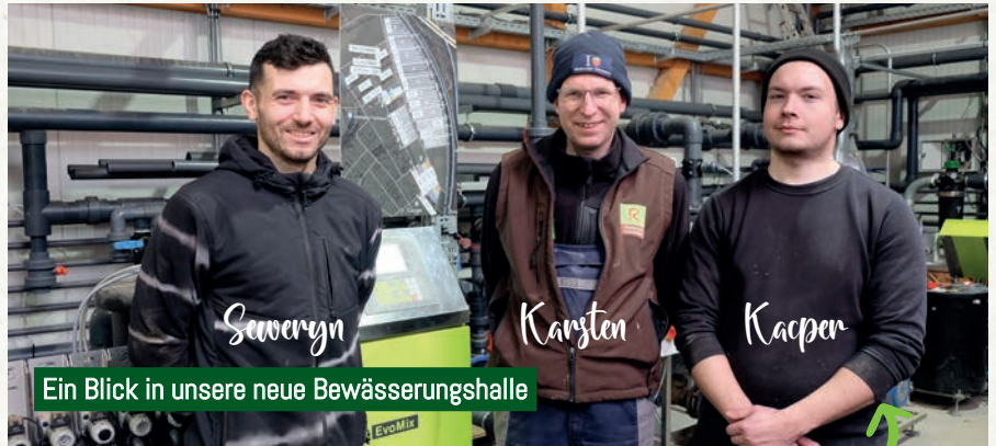
Ein Blick in unsere neue Bewässerungshalle

Wasser ist die Grundlage für alles, was auf unseren Feldern wächst. Genau deshalb gehen wir damit besonders sorgfältig um.
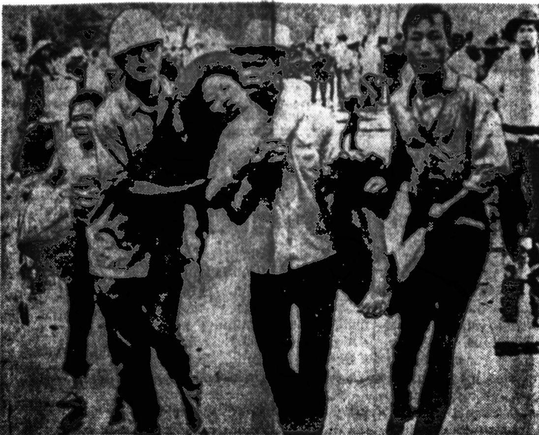
MINIA BUVO SUTIKTA SAUTUVŲ UGNIM. — Sužeista moteriškė nešama iš ugnies srities. Pietų Viet Nam kariai šaudė demonstrantų eilę, kai buvo vertinami pro Saigono Vyriausios Kariuomenės būstinės vartus.

— Pres. Johnson ketvirtadienį buvo nukrisęs į Winchester, Ga., ir dalyvavo sen. Harry F. Byrd žmonos laidotuvėse.
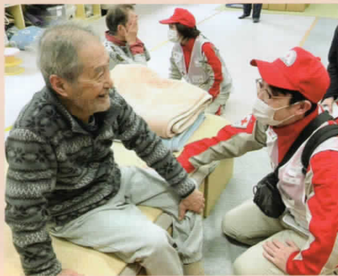
被災地で活動する日赤大分県支部救護班(石川県七尾市)
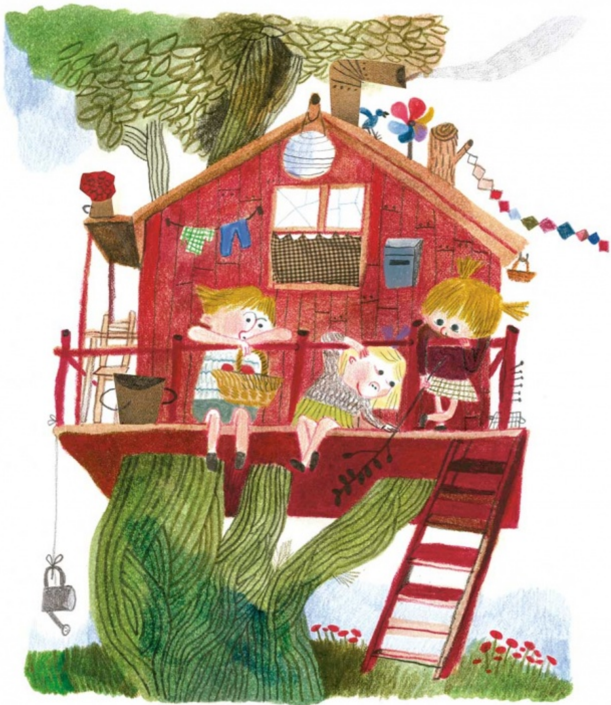
Illustrazione di Beatrice Alemagna per Lotta combinaguai

Ronja si smarca dagli agi e dalla sicurezza della propria casa, richiamata dalla potenza della vita avventurosa nella foresta, senza sottrarsi ad alcuna delle sue insidie. Rasmus scopre accanto a un vagabondo lo splendore della vita nomade e precaria, del sonno sotto la volta stellata, senza un tetto sulla testa. I ragazzi
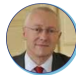
Pierre ORY Préfet du Maine et Loire
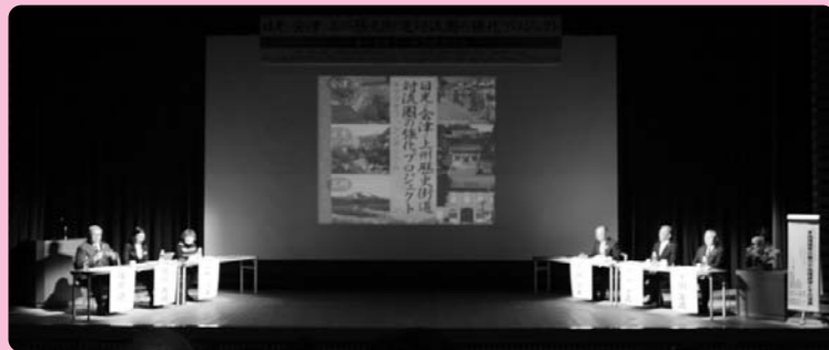
シンポジウム会場の様子

パネルディスカッションで国道120号線(金精峠)の年間開通のためにこのプロジェクトに期待していると語る千明村長
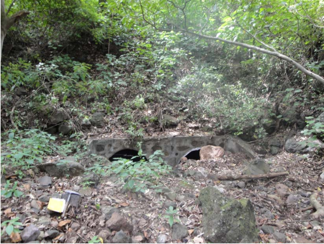
Foto 6. Obstrucción casi total de la alcantarilla de la carretera por rocas y escombros. Quebrada Yucusuma. Cuesta de Cucamonga. Carretera Condega –Estelí. El agua drena en la dirección del observador.
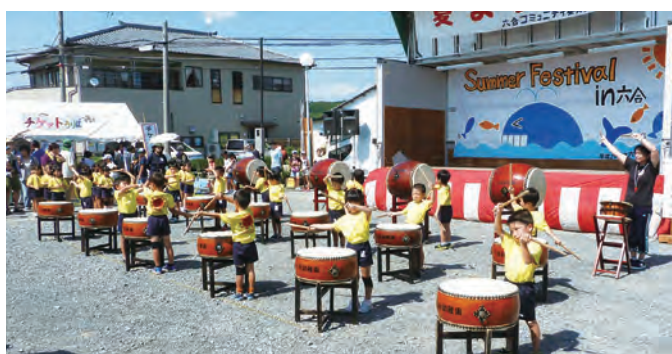
元気良く和太鼓をたたく園児らの演技
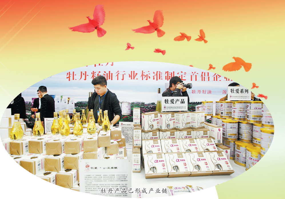
牡丹籽油行业标准制定首倡企业
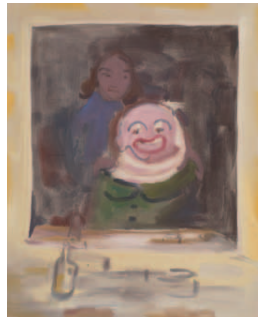
Sophie von Hellermann, Quiet Girl , 2009, acrylverf op doek, 200 x 160 cm
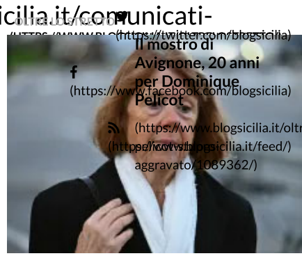
Avignone, 20 anni per Dominique Pelicot

La Capitaneria di porto, ricevuta la segnalazione, disponeva l'uscita di una motovedetta SAR con a bordo un soccorritore marittimo. Contestualmente, al Comando provinciale dei Vigili del fuoco veniva richiesto l'intervento di un mezzo navale antincendio e quello del nucleo sommozzatori sopraggiunto con una moto d'acqua per cooperare nelle operazioni di recupero dei naufraghi e per la ricerca subacquea di eventuali dispersi. Veniva, inoltre, richiesto
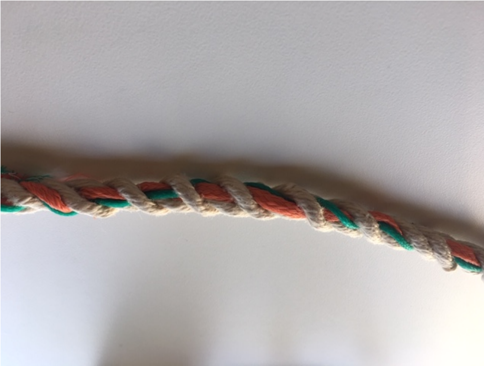
Figure B – Combinaison de couleurs identifiant la région, l'espèce et la zone de pêche La région et l'espèce entrelacés sur le même segment de corde, la zone de pêche sur le segment suivant de la corde. Cette combinaison indique la région du Québec (vert), crabe des neiges (orange), ZPC 12A (vert).

Figure A – Combinaison de couleurs identifiant une région et l'espèce Cette combinaison indique la région du Québec (vert), crabe des neiges (orange) entrelacés sur le même segment de la corde.
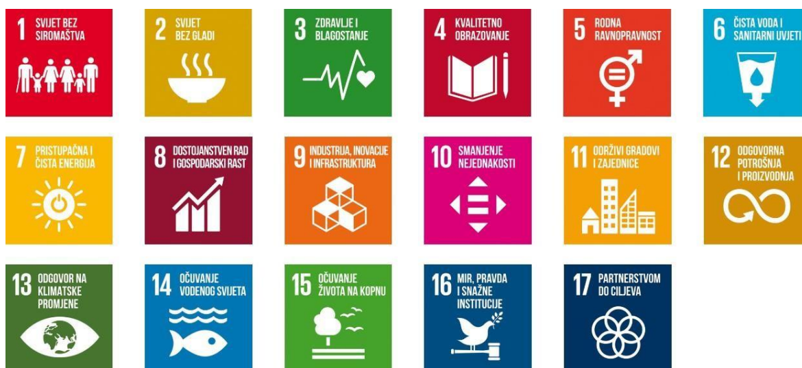
Slika 1. 17 ciljeva održivog razvoja UN – a

U Brundtlandovu izvješću, poznatom kao izvješće World Commission on Environment and Development (Svjetska komisija za okoliš i razvoj), prvi put je 1987. godine predstavljen koncept održivog razvoja. “Opće je prihvaćeno da održivi razvoj zahtijeva konvergenciju i dugoročnu ravnotežu između tri stupa gospodarskog razvoja, socijalne jednakosti i zaštite okoliša” 23 . Važnost koncepta održivog razvoja je prepoznat kao jedan od problema sa kojima se suočava cijeli svijet. U 2002. godini, United Nations – (Ujedinjeni narodi) raspravljali su o konceptu održivog razvoja, a 2015. godine utvrdili su 17 ciljeva održivog razvoja (Pogledaj Sliku 1) 24 .
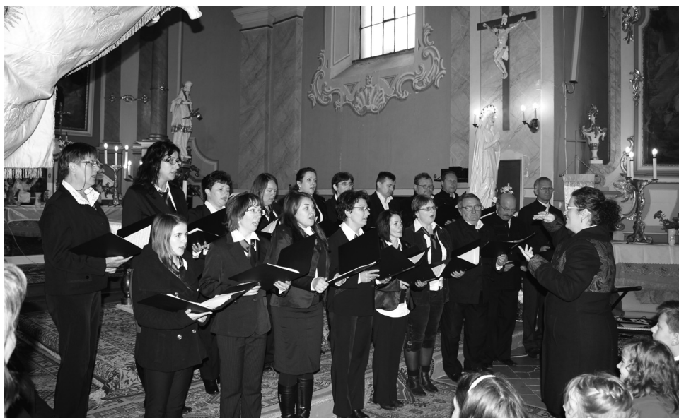
A házigazda szeplőtelen fogantatás plébánia kórusa

Tizennégy egyházzenei kórus énekelt a székelyhídi római katolikus templomban
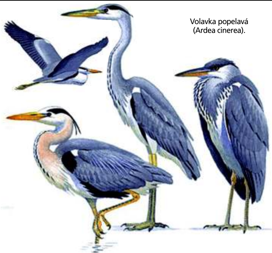
Volavka popelavá ( Ardea cinerea ).

přísňého certifikátu FSC (Forest Stewardship Council), který je uznáván i ekologickými organizacemi v ČR (včetně Hnutí Duha, Greenpeace apod.) a který má v ČR pouze pět vlastníků lesa, což jasně dokládá jeho výjimečnost, a to i z pohledu celorepublikového. Jedině řádná a odborně opodstatněná péče o lesy totiž zajistí trvalost a udržitelnost lesů i v extrémně zatíženém prostředí Prahy, kde se střetává mnoho různých vlivů, požadavků a nároků na lesní prostředí. Zachování a podpora mimoprodukčních funkcí lesů (tj. funkce rekreační, ekologické, hygienické apod.) je ale hlavním cílem všech prací, prováděných v pražských lesích. Proto se již v jarních měsících můžeme těšit na stovky nově vysazených stromků řady druhů, a to i v bezprostředním okolí Kunratic.
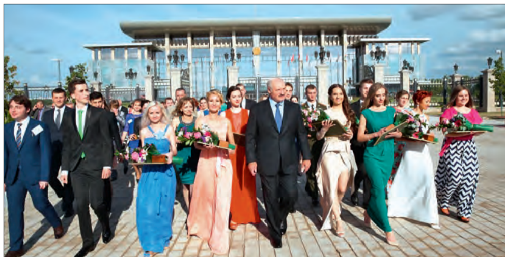
Александр Григорьевич Лукашенко с участниками бала

Врачи, юристы, учителя, инженеры, музыканты, журналисты и другие молодые специалисты приехали со всей республики 26 июня во Дворец Независимости. Президентский бал в этот день объединил 253 выпускника высших учебных заведений страны.
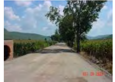
Foto 1.39 Pavimentación de ingreso carretero a Santa Rosa de Lima.
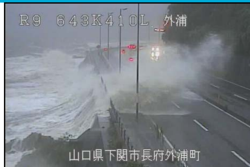
山口県下関市長府外浦町
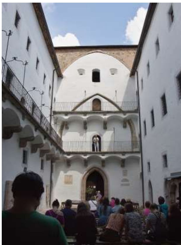
Minifestival Citadela – vystúpenie hudobníka, Starý zámok.
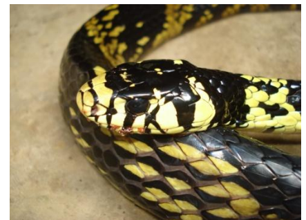
48 Spilotes pullatus COLUBRIDAE
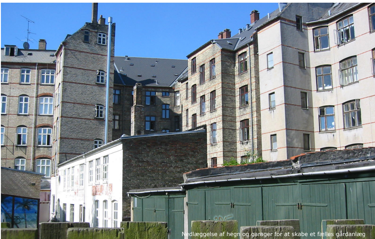
Nedlæggelse af hegn og garager for at skabe et fælles gårdanlæg

Beboerne vil få mulighed for at være med til at diskutere og komme med forslag til indretningen af det fælles gårdanlæg. Dialogen vil ske dels på gårdgruppemøder, dels på hjemmesiden og dels via et digitalt gårdrumsspil. Derfor er placering af aktiviteter i gården ikke udviklet eller indarbejdet på nuværende tidspunkt.
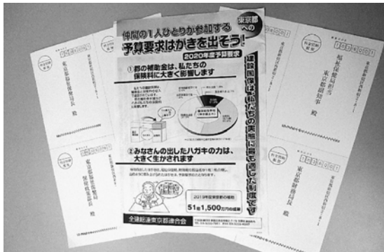
東京都宛てのハガキ

6月から始まっているハガキ要請。6・7月は厚生労働省宛てに取り組み、7月末時点で7738枚が集まりました。8月からは、東京都宛てのハガキに取り組みます。
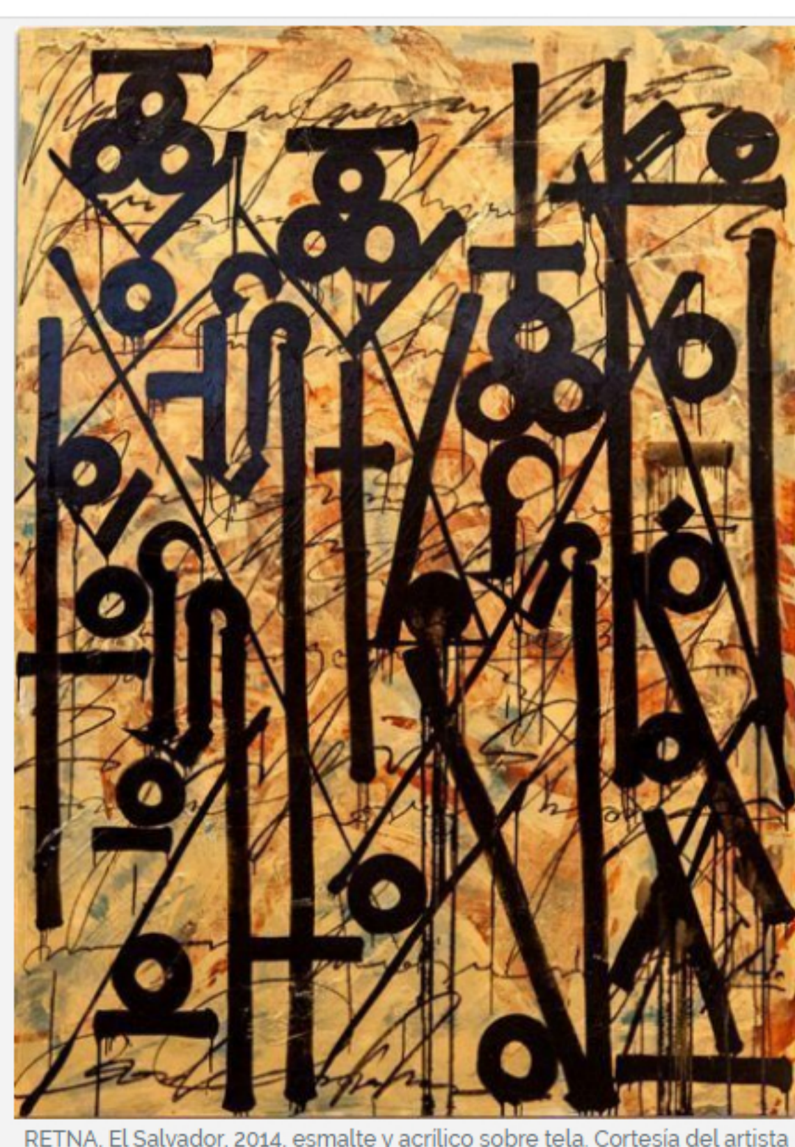
RETNA, El Salvador , 2014, esmalte y acrílico sobre tela.
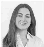
Por Soledad Monge Economista Libertad y Desarrollo
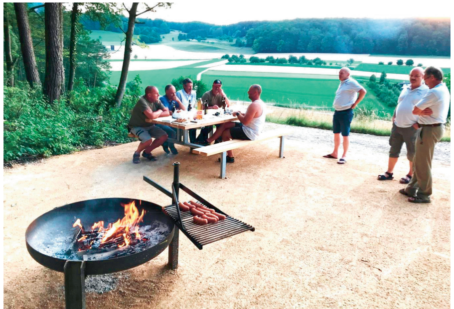
Feuerstelle im vorderen Bloond renoviert (siehe Information auf Seite 7). Die Banntagsschützen Ziefen und der Bürgerrat geniessen die herrliche Aussicht und nutzen die Vorteile der neuen Grillstelle ein erstes Mal.

Beim Ressourcenausgleich leisten Einwohnergemeinden, deren Steuerkraft über dem Ausgleichsniveau liegt (Gebergemeinden), Beiträge an Einwohnergemeinden, deren Steuerkraft unter dem Ausgleichsniveau liegt (Empfängergemeinden). Die Steuerkraft einer Einwohnergemeinde ist der Steuerertrag natürlicher und juristischer Personen bei durchschnittlichem (fiktivem) Steuerfuss und -satz pro Einwohner. Die Höhe des Beitrags pro Einwohner einer Empfängergemeinde entspricht der Differenz ihrer Steuerkraft zum Ausgleichsniveau. Vorbehalten bleibt eine allfällige Kürzung dieses Betrags falls die hypothetische Abschöpfung bei den Gebergemeinden über 17% ihrer Steuerkraft
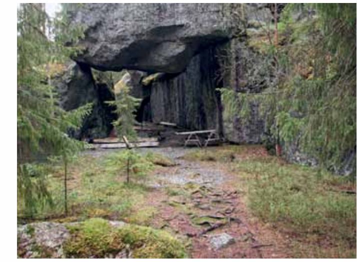
Die Felsformation Vitterhuset.
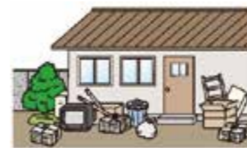
①家の周りに燃えやすい物を置かない
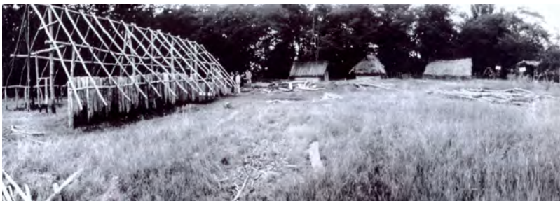
Рис. 2. На передньому плані реконструкція неолітичного житла в “Бржезно”. Фото Й. Плейнерової, 1999 р.

Археологічний “скансен” “Бржезно” був створений у
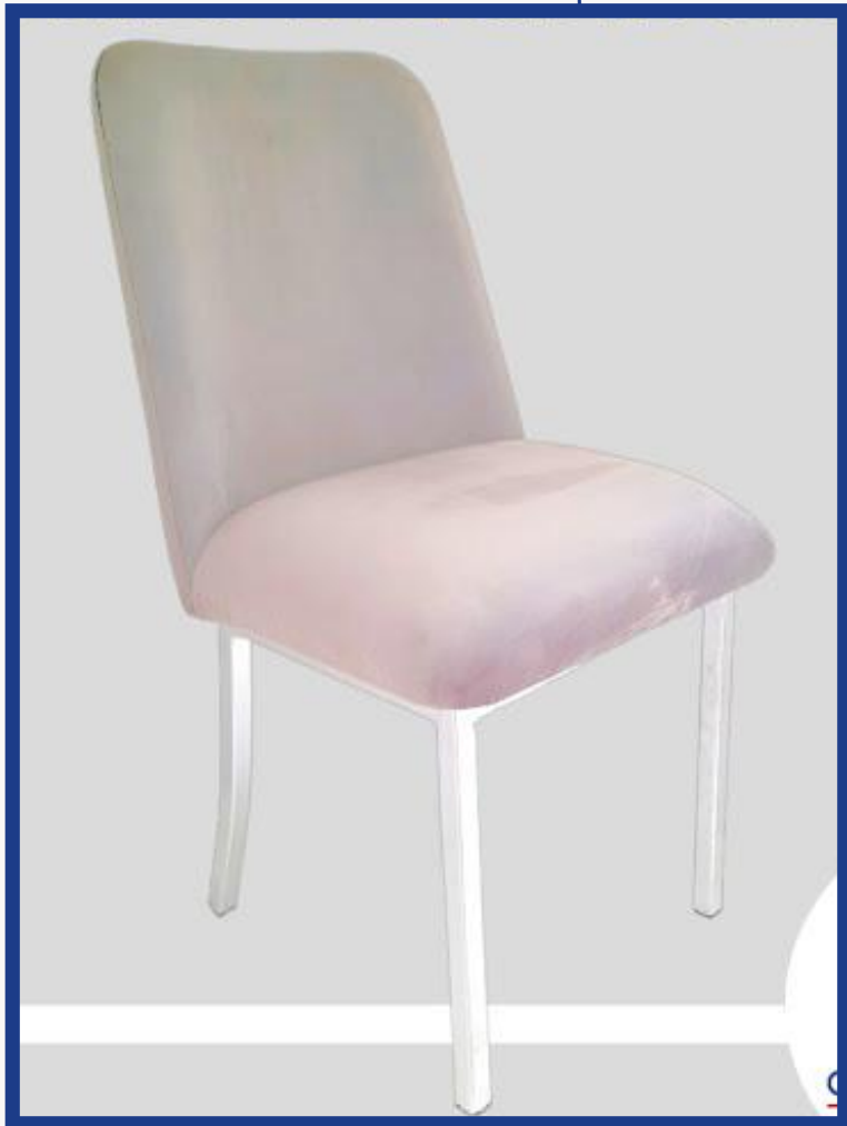
IRLANDA I-A Precio: Bs. 700.- Colores: Elección
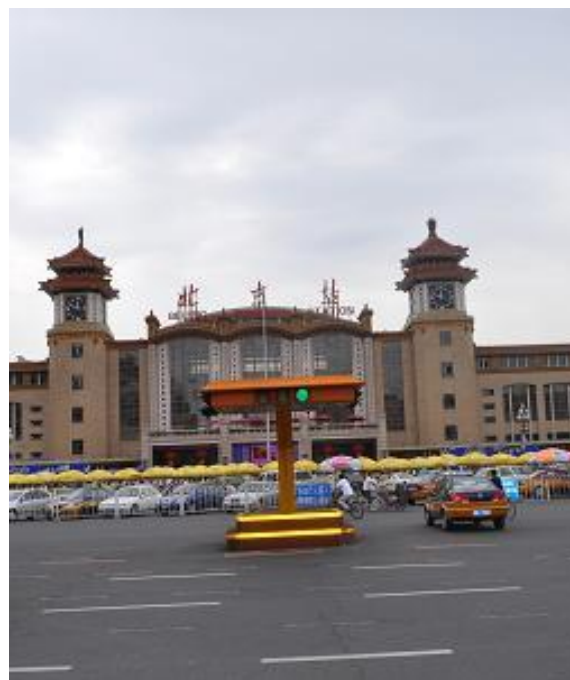
Beijing Railway Station

Per maggiori informazioni sui treni in Cina: www.seat61.com/China.htm

=====

• EXERCISE
Find where the line with "Figure A – Combinaison" sits in the material above and where the line with "Volavka popelavá ( Ardea cinerea )." sits. Set down exactly the lines from the first to the second, both included and nothing else, without pictures.

• THE ANSWER
Figure A – Combinaison de couleurs identifiant une région et l'espèce Cette combinaison indique la région du Québec (vert), crabe des neiges (orange) entrelacés sur le même segment de la corde.
Slika 1. 17 ciljeva održivog razvoja UN – a

U Brundtlandovu izvješću, poznatom kao izvješće World Commission on Environment and Development (Svjetska komisija za okoliš i razvoj), prvi put je 1987. godine predstavljen koncept održivog razvoja. “Opće je prihvaćeno da održivi razvoj zahtijeva konvergenciju i dugoročnu ravnotežu između tri stupa gospodarskog razvoja, socijalne jednakosti i zaštite okoliša” 23 . Važnost koncepta održivog razvoja je prepoznat kao jedan od problema sa kojima se suočava cijeli svijet. U 2002. godini, United Nations – (Ujedinjeni narodi) raspravljali su o konceptu održivog razvoja, a 2015. godine utvrdili su 17 ciljeva održivog razvoja (Pogledaj Sliku 1) 24 .
A házigazda szeplőtelen fogantatás plébánia kórusa

Tizennégy egyházzenei kórus énekelt a székelyhídi római katolikus templomban
Volavka popelavá ( Ardea cinerea ).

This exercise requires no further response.